• **PROBLEM**: Would you please print exactly the lines that run from the one with "150,00 EUR |" to the last line of the data, both included, without any pictures?

• **COLLECTED DATA**:
:::::
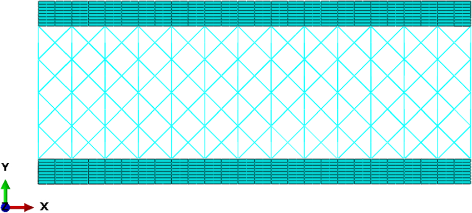 Meshing is carefully tailored to the geometry and dimensions of the sandwich column to ensure mesh-independent buckling load predictions. A mesh convergence check was performed and showed that the predicted critical loads remain unchanged with reasonable refinement. Quadratic solid elements with reduced integration (C3D20R), with a mesh size of \(0.5\,\text {mm}\), are used for the facesheets in order to avoid unnecessary computational effort. The core lattice is modeled using linear beam elements (B31) with a mesh size of \(2\,\text {mm}\). Depending on the facesheet thickness, between 6 and 12 solid elements are used through its thickness to capture local buckling behavior accurately. A sample meshed section with a \(20\,\text {mm}\) core and \(3\,\text {mm}\) facesheet is shown in Fig. 7. This FEM strategy enables high-accuracy modeling of geometric complexity and anisotropic material behavior, captures both global and local buckling phenomena, and supports parametric studies across various core and facesheet dimensions. The numerical results are compared with analytical predictions to assess the validity of the proposed models. The four boundary conditions investigated in this study include fixed–fixed, fixed–pinned, pinned–pinned, and fixed–free.
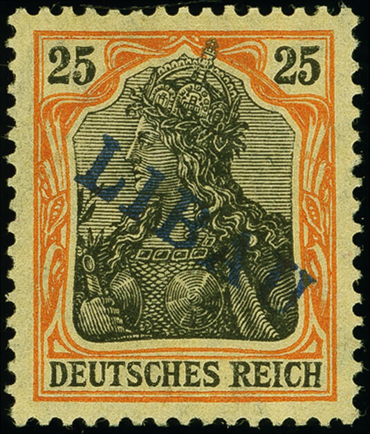 | Zusatzinformationen und Suchstichworte: | 383. Auktion Heinrich Köhler 14.–15. & 18.–23. März 2024 Los 7522 Deutsche Besetzung I. WK Libau 1919, Germania 25 Pfennig mit violettblauem Aufdruck in Type II, ungebraucht, in einwandfreier Erhaltung Ausruf 150,00 EUR |
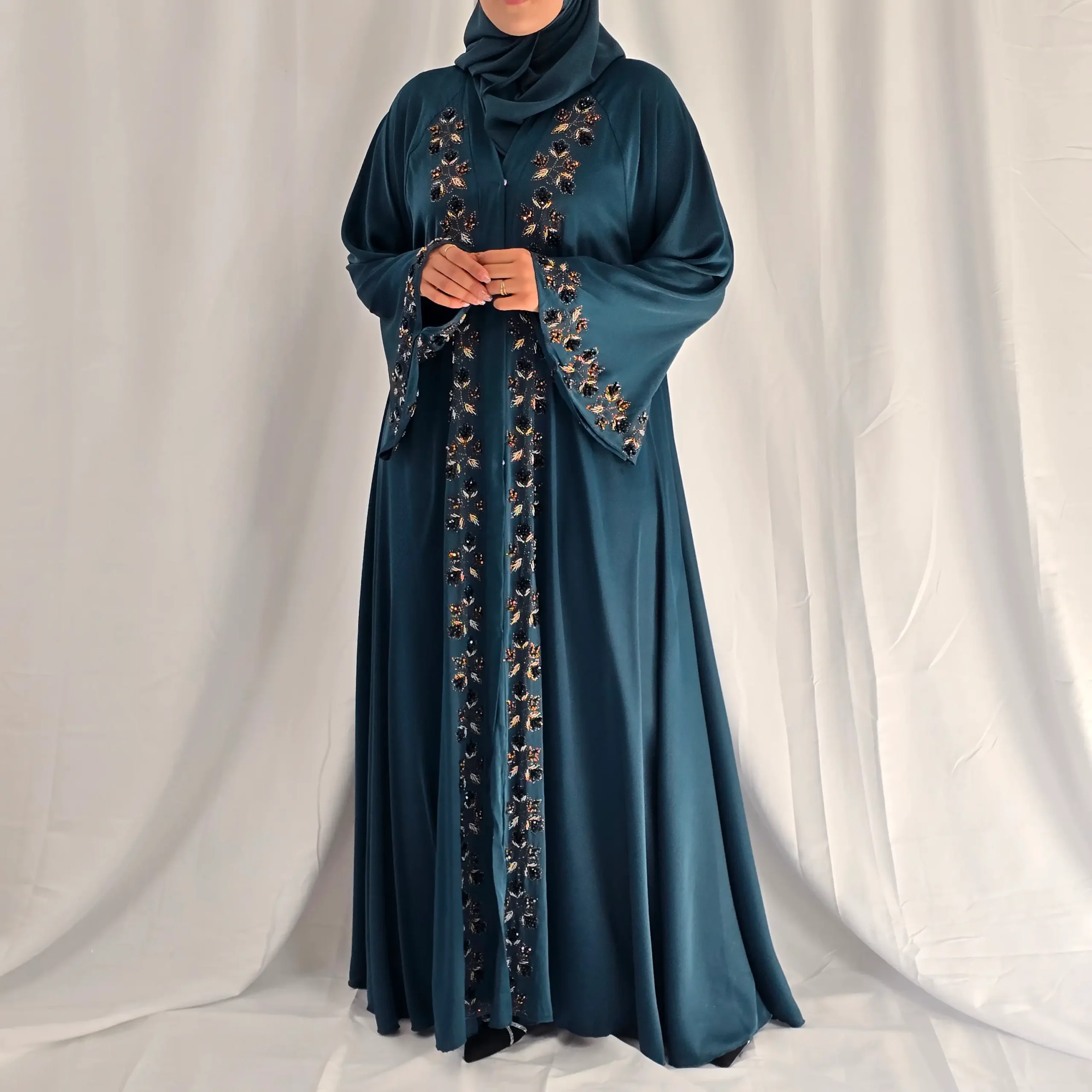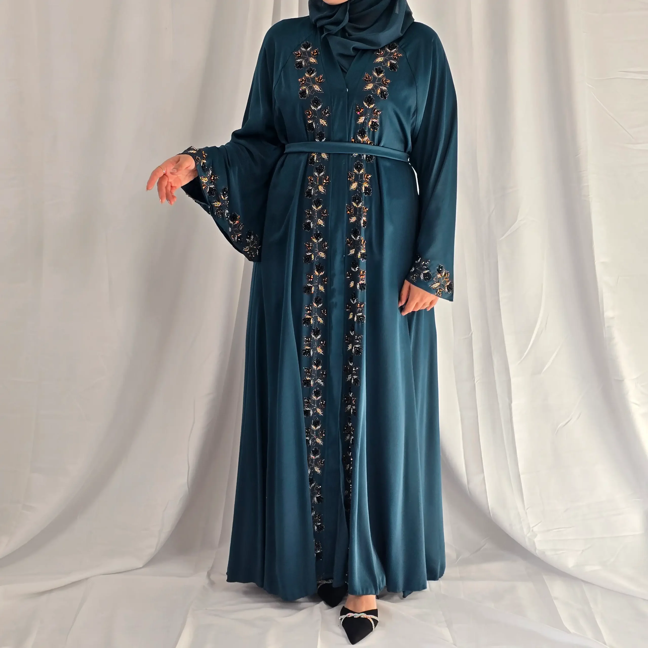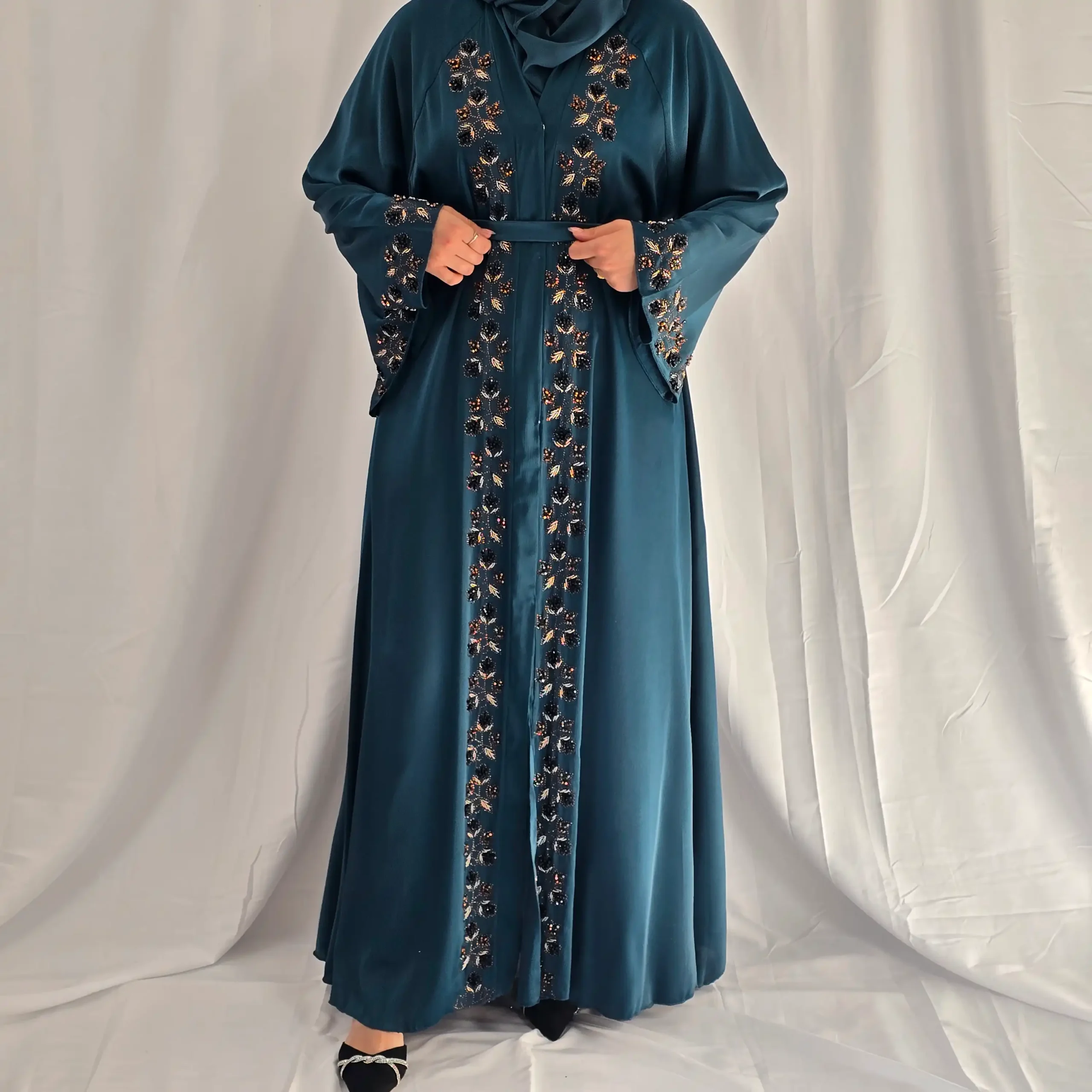 Abaya cloche verte canard à strass et perles – élégance traditionnelle
:::::
• **EXERCISE SOLUTION**:
 | Zusatzinformationen und Suchstichworte: | 383. Auktion Heinrich Köhler 14.–15. & 18.–23. März 2024 Los 7522 Deutsche Besetzung I. WK Libau 1919, Germania 25 Pfennig mit violettblauem Aufdruck in Type II, ungebraucht, in einwandfreier Erhaltung Ausruf 150,00 EUR |
 Abaya cloche verte canard à strass et perles – élégance traditionnelle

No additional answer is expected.